New York, Nov 10 (IANS): Researchers at Purdue University have developed a new flexible and translucent base for silicon nanoneedle patches to deliver exact drug doses directly into cells and expand observational opportunities.
The researchers say skin cancer could be one of the applications for the patches. "This means that eight or nine silicon nanoneedles can be injected into a single cell without significantly damaging a cell. So we can use these nanoneedles to deliver biomolecules into cells or even tissues with minimal invasiveness," said Chi Hwan Lee, Assistant Professor at Purdue University.
Silicon nanoneedles patches are currently placed between skin, muscles or tissues where they deliver exact doses of biomolecules. Commercially available silicon nanoneedles patches are usually constructed on a rigid and opaque silicon wafer. The rigidity can cause discomfort and cannot be left in the body very long. "These qualities are exactly opposite to the flexible, curved and soft surfaces of biological cells or tissues," Lee said, adding that they have now resolved this problem. "We developed a method that enables physical transfer of vertically ordered silicon nanoneedles from their original silicon wafer to a bio-patch," Lee informed.
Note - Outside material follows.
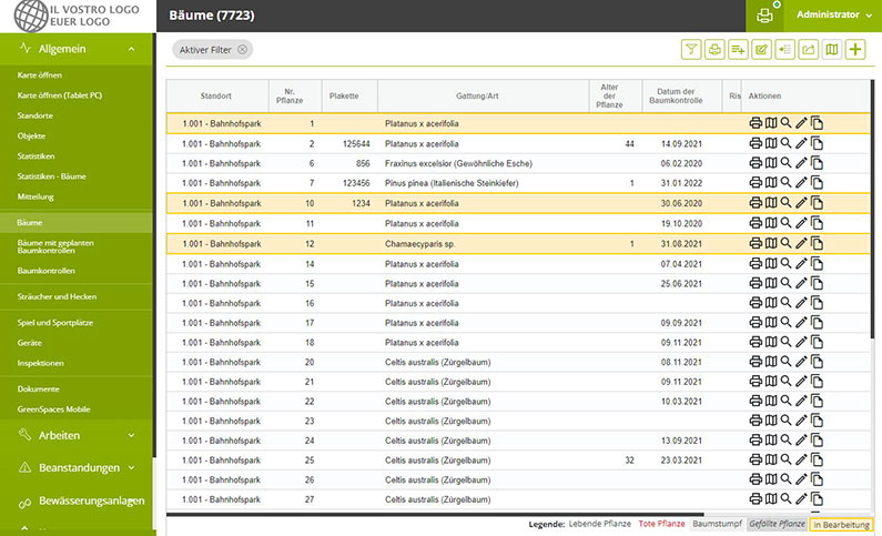 Der Stil der Bäume die "In Bearbeitung" sind wurde geändert, um sie in der Menüliste "Bäume" auf einen Blick sichtbar zu machen. In der neuen Version werden diese Einträge in der neuen Legende gelb hervorgehoben (siehe Abbildung unten).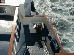 船員らしき若者が、下のデッキでバグパイプの練習をしている。うまくはないが、船の上げる波しぶきの音と、バグパイプの響きは、不思議なハーモニーを醸し出していた。

This nanoneedle patch is not only flexible but also transparent and, therefore, can also allow simultaneous real-time observation of the interaction between cells and nanoneedles, said the study appeared in the journal Science Advances. The teams from South Korea's Hanyang University and Purdue's Weldon School of Biomedical Engineering and School of Mechanical Engineering received joint support from the United States Air Force Office of Scientific Research and the Korean Ministry of Science and ICT to complete this study. The researchers hope to develop the patch's functionality to act as an external skin patch, lowering the pain, invasiveness and toxicity associated with long-term drug delivery.